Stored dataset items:
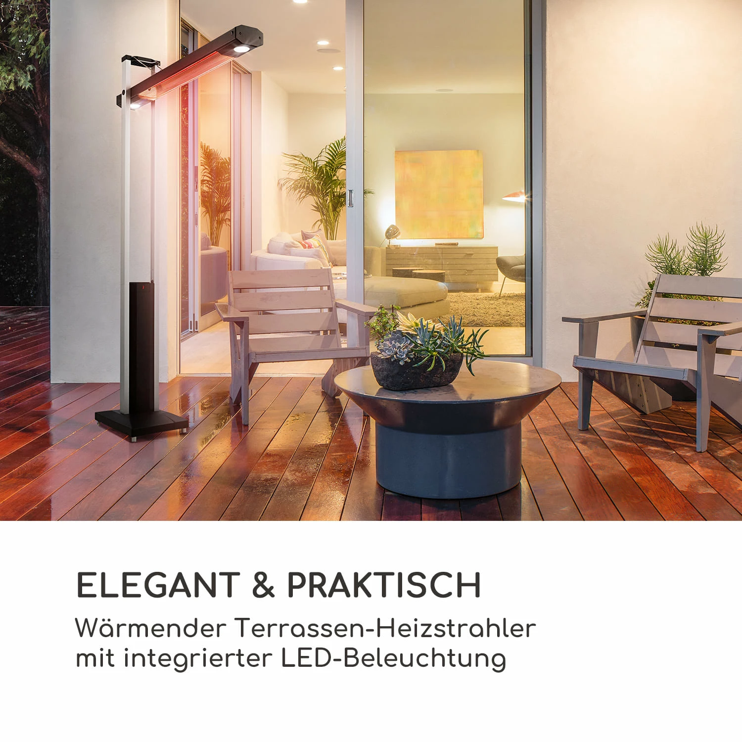 - Elegant & praktisch: wärmender Terrassen-Heizstrahler mit integrierter LED-Beleuchtung
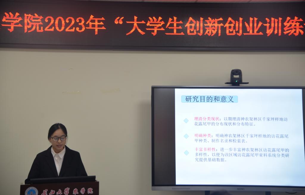 在答辩过程中,植保卓32201班的谭舒予同学的表现十分突出,在项目负责人陈傲的带领下,他们团队以神农架千家坪样地对访花露尾甲的分类为老员工创新创业项目进行了答辩。评委老师对她的答辩表达了一致的赞扬,并鼓励她在今后的学习中要围绕这个项目而努力,同时也倡导在场同学积极参与到科研工作中去。答辩过程中答辩者严谨的思路,流利的应答,彰显出创新创业的独特魅力;老师们结合经验,联系实际,给予鼓励的同时也提出宝贵建议,整场答辩过程精彩纷呈。
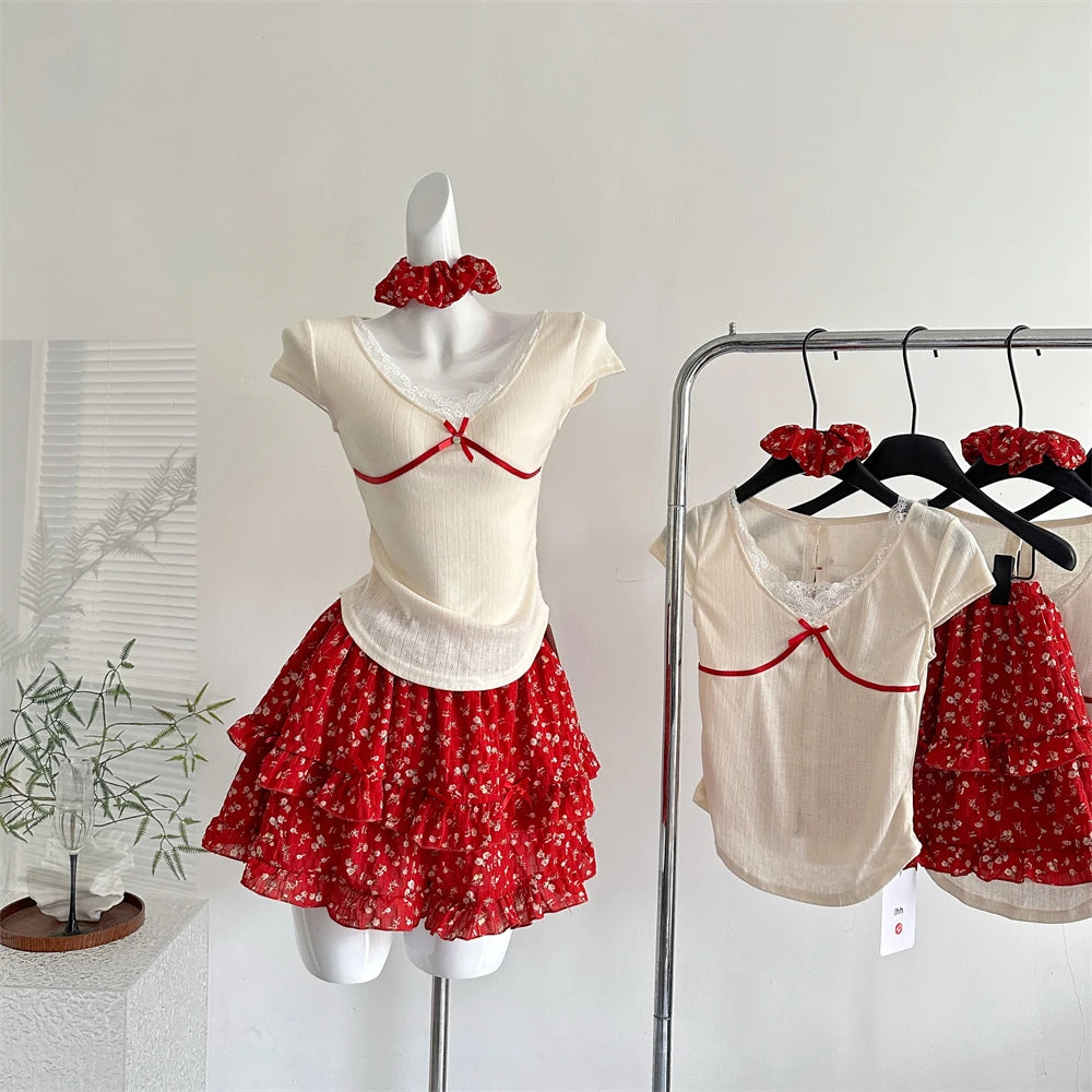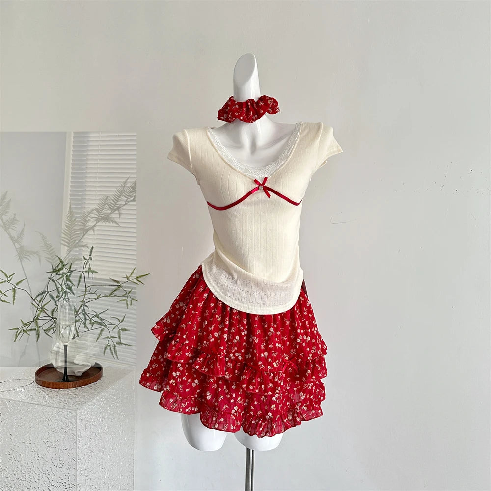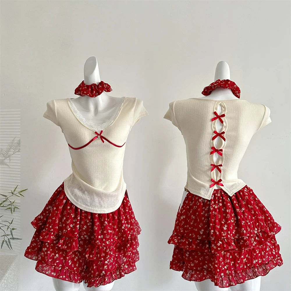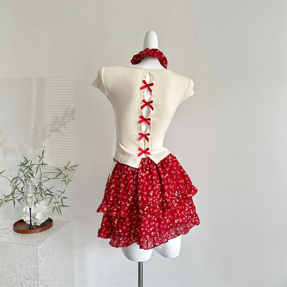 Cherryette is a sweet, summery 2-piece set perfect for day dates, night outs, or graduation season. Featuring a soft lace-trimmed top with cherry-red ribbon details and a flouncy layered mini skirt, this look blends balletcore charm with coquette flair. Made from breathable silk cotton with a flattering slim fit and elastic waist, it’s all about playful femininity and comfort.
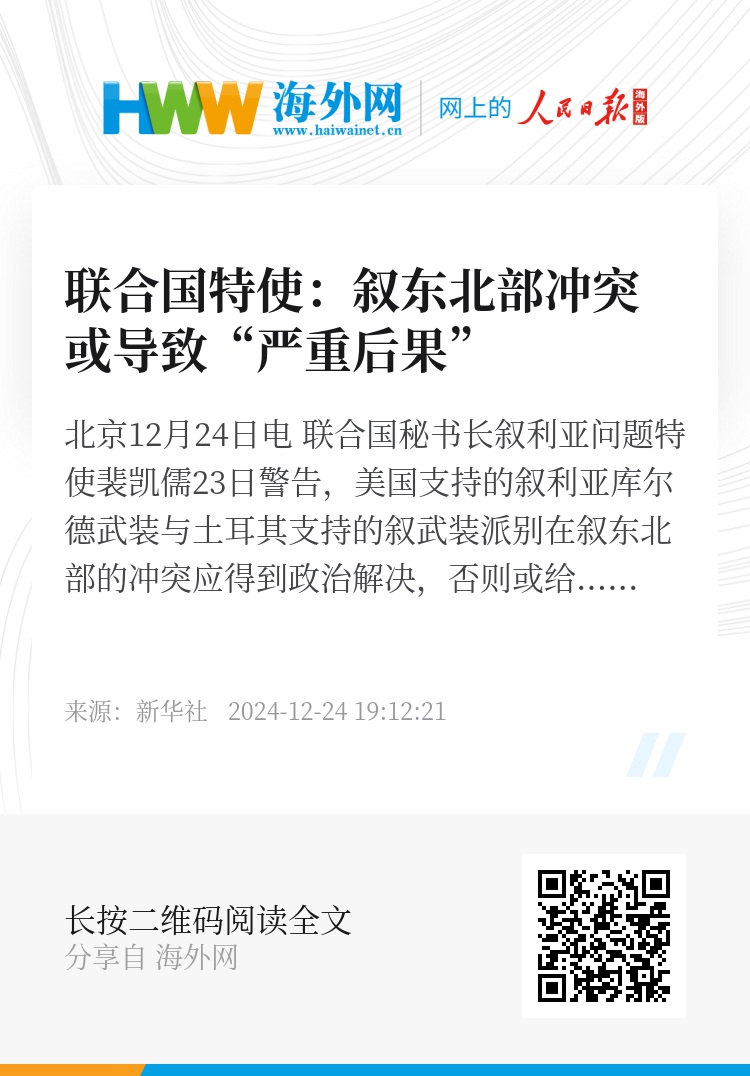 新华社北京12月24日电 联合国秘书长叙利亚问题特使裴凯儒23日警告,美国支持的叙利亚库尔德武装与土耳其支持的叙武装派别在叙东北部的冲突应得到政治解决,否则或给叙利亚全境带来“严重后果”。
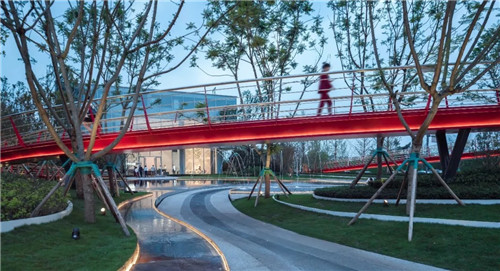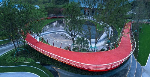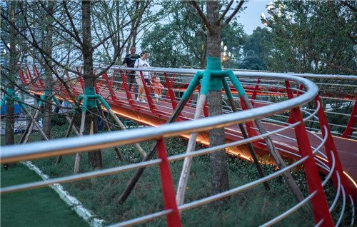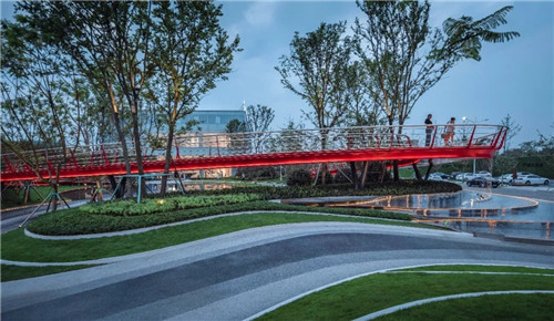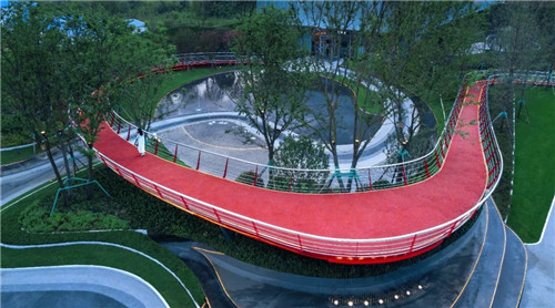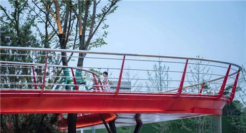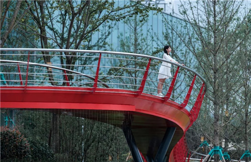 項目獨特場景體驗——“虹橋”,一條120米長的空中景觀帶,在場地上形成高低錯落的空間。紅色,是萬物原色之一,場地大膽地使用紅色,在綠色的詩意營造中,帶來強烈的視覺沖擊力。
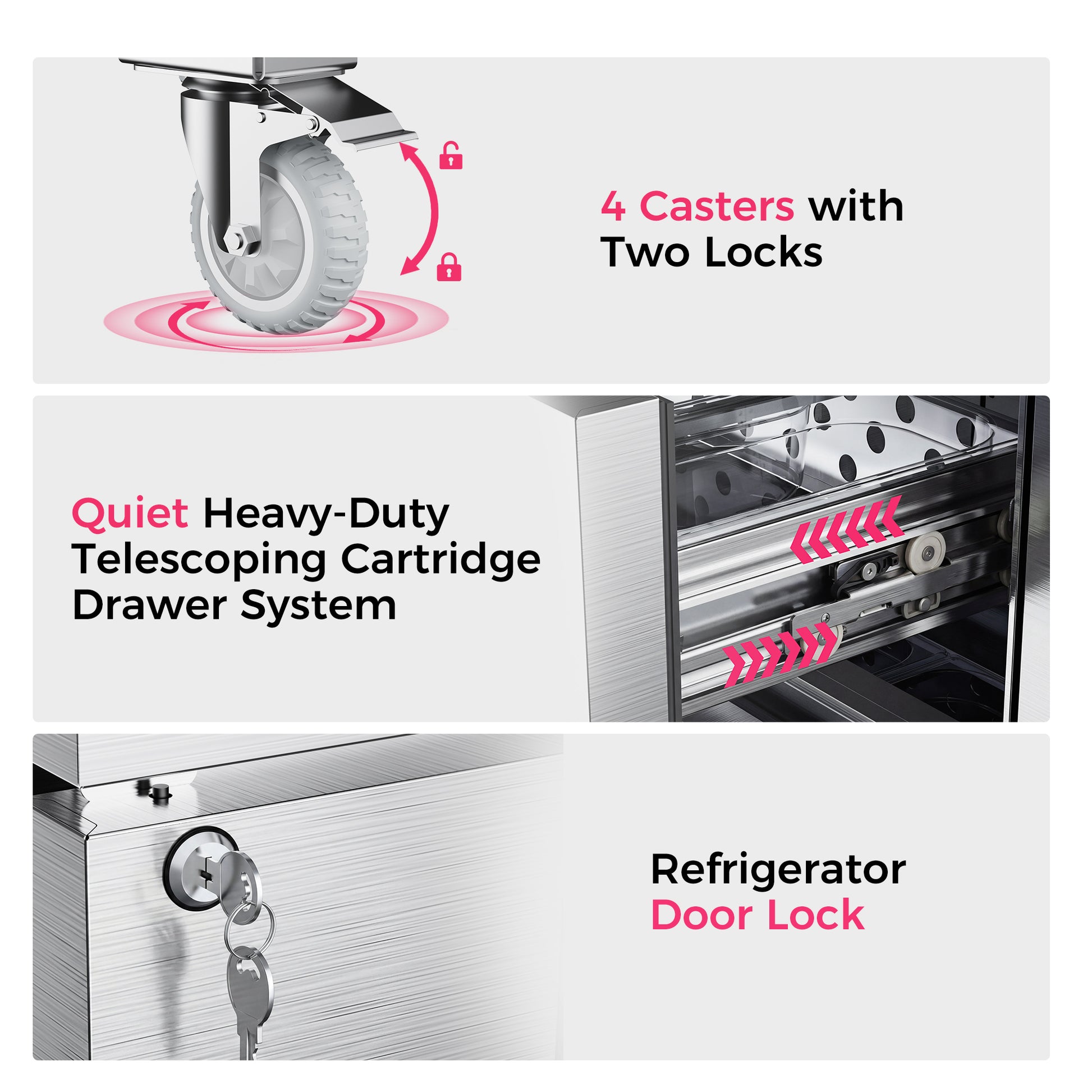 - Stainless Steel Construction: Made of high quality stainless steel inside and out, undercounter industrial fridge with drawers resists rust, corrosion and daily wear. The smooth surface wipes clean quickly with a damp cloth after spills, and the stainless steel interior prevents odors from lingering to keep stored items fresh.

-- What to do --
With pictures left out, transcribe each line from the one containing "新华社北京12月24日电 联" through the end of the data, both ends included.

-- Result of the task --
 新华社北京12月24日电 联合国秘书长叙利亚问题特使裴凯儒23日警告,美国支持的叙利亚库尔德武装与土耳其支持的叙武装派别在叙东北部的冲突应得到政治解决,否则或给叙利亚全境带来“严重后果”。
 項目獨特場景體驗——“虹橋”,一條120米長的空中景觀帶,在場地上形成高低錯落的空間。紅色,是萬物原色之一,場地大膽地使用紅色,在綠色的詩意營造中,帶來強烈的視覺沖擊力。
 - Stainless Steel Construction: Made of high quality stainless steel inside and out, undercounter industrial fridge with drawers resists rust, corrosion and daily wear. The smooth surface wipes clean quickly with a damp cloth after spills, and the stainless steel interior prevents odors from lingering to keep stored items fresh.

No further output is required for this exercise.